= Skewed X-inactivation =

Inactivation of one parent's X chromosome more so than the other's

Skewed X-chromosome inactivation (skewed X-inactivation) occurs when the X-inactivation of one X chromosome is favored over the other, leading to an uneven number of cells with each chromosome inactivated. It is usually defined as one allele being found on the active X chromosome in over 75% of cells, and extreme skewing is when over 90% of cells have inactivated the same X chromosome. It can be caused by primary nonrandom inactivation, either by chance due to a small cell pool or directed by genes, or by secondary nonrandom inactivation, which occurs by selection.

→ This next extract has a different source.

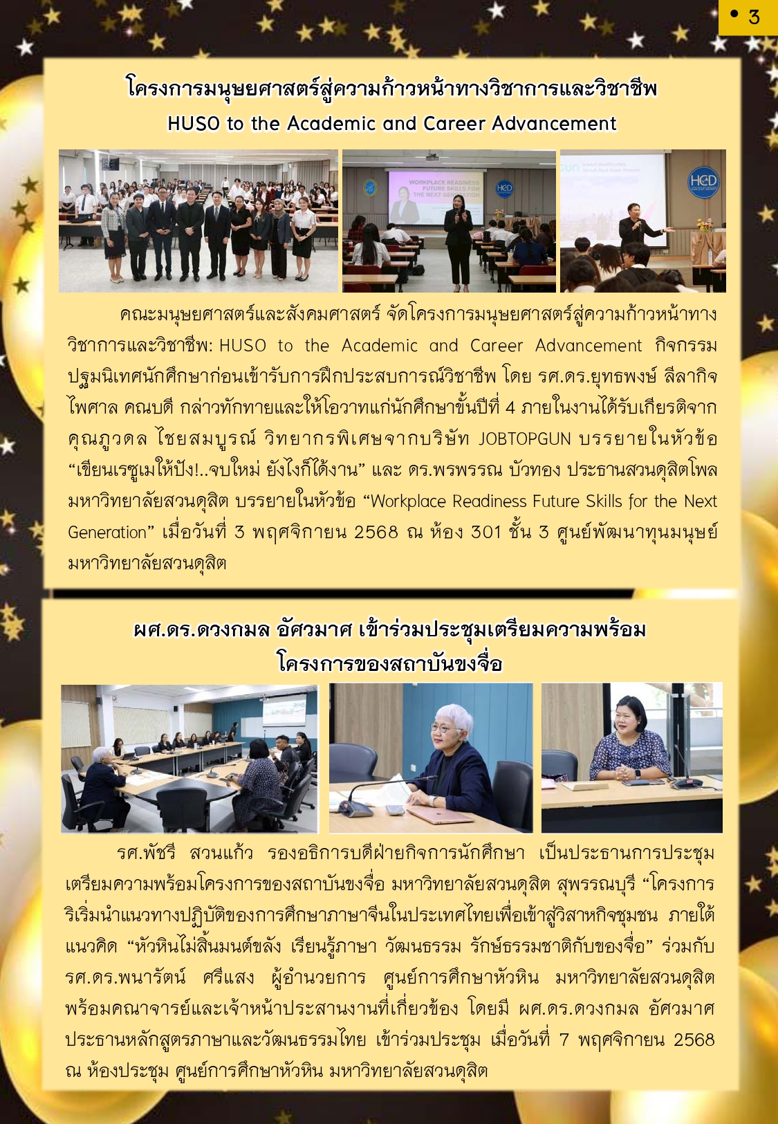 กิจกรรมปฐมนิเทศนักศึกษาก่อนเข้ารับการฝึกประสบการณ์วิชาชีพ ในหัวข้อ“The Happiness and Success Journey” โครงการมนุษยศาสตร์สู่ความก้าวหน้าทางวิชาการและวิชาชีพ HUSO to the Academic and Career Advancement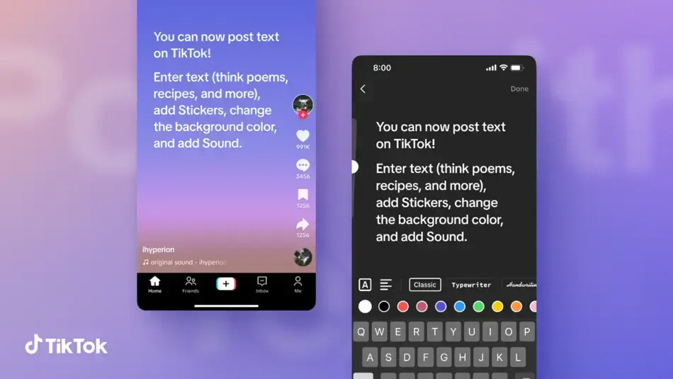 TikTok ogłosił wprowadzenie postów tekstowych dla wszystkich użytkowników. Posty te umożliwiają dodanie pełnoekranowego tekstu z muzyką, naklejkami i edycją koloru tła i czcionki. Długość postów tekstowych może wynosić do 1000. znaków.

X-chromosome inactivation occurs in females to provide dosage compensation between the sexes. If females kept both X chromosomes active, they would have twice the number of active X genes than males, who only have one copy of the X chromosome. At approximately the time of embryonic implantation, one of the two X chromosomes in each cell of the female embryo is randomly selected for inactivation. Cells then undergo transcriptional and epigenetic changes to ensure this inactivation is permanent (such as methylation and being modified into Barr bodies). All progeny from these initial cells will maintain the inactivation of the same chromosome, resulting in a phenotypic mosaic pattern of cells in females although not a genotypic mosaic.

Most females will have some levels of skewing. It is relatively common in adult females; around 35% of women have a skewed ratio over 70:30, and 7% of women have an extreme skewed ratio of over 90:10. This is of medical significance, due to the potential for the expression of disease genes present on the X chromosome that are normally not expressed due to random X-inactivation.

==Causes==

===Primary nonrandom inactivation===

Nonrandom X-inactivation leads to skewed X-inactivation. Nonrandom X-inactivation can be caused by chance or directed by genes. If the initial pool of cells in which X-inactivation occurs is small, chance can cause skewing to occur in some individuals by causing a bigger proportion of the initial cell pool to inactivate one X chromosome. A reduction in the size of this initial cell pool would increase the likelihood of skewing occurring. This skewing can then be inherited by progeny cells, or increased by secondary selection.

The X-chromosome controlling element (Xce) gene in mice has been found to influence genetically mediated skewing. It is unknown whether a similar gene plays a role in human X-inactivation, although a 2008 study found that skewing in humans is mostly caused by secondary events rather than a genetic tendency.

There is a much higher concordance rate in genetically identical (monozygotic) twins compared to non-identical (dizygotic) twins, which suggests a strong genetic input. A 10% difference in the skewing of genetically identical twins did exist however, so there are other contributing factors outside of genetics alone. It is difficult to identify primary nonrandom inactivation in humans, as early cell selection occurs in the embryo. Mutation and imprinting of the XIST gene, a part of the X-inactivation centre, can result in skewing. This is rare in humans.

====Xce====
Skewed X-inactivation in mice is controlled by the Xce gene on the X chromosome. Xce acts in cis, which means that it acts upon the chromosome from which it was transcribed. There are four alleles of Xce, labeled a, b, c, and d. Each allele has a different likelihood of inactivation, with a < b < c < d, where d is the most likely to remain active and a is the least likely. The strength differences between the four alleles are likely due to variations in the number of binding sites for a crucial actor in inactivation. The specific transfactor is not known currently.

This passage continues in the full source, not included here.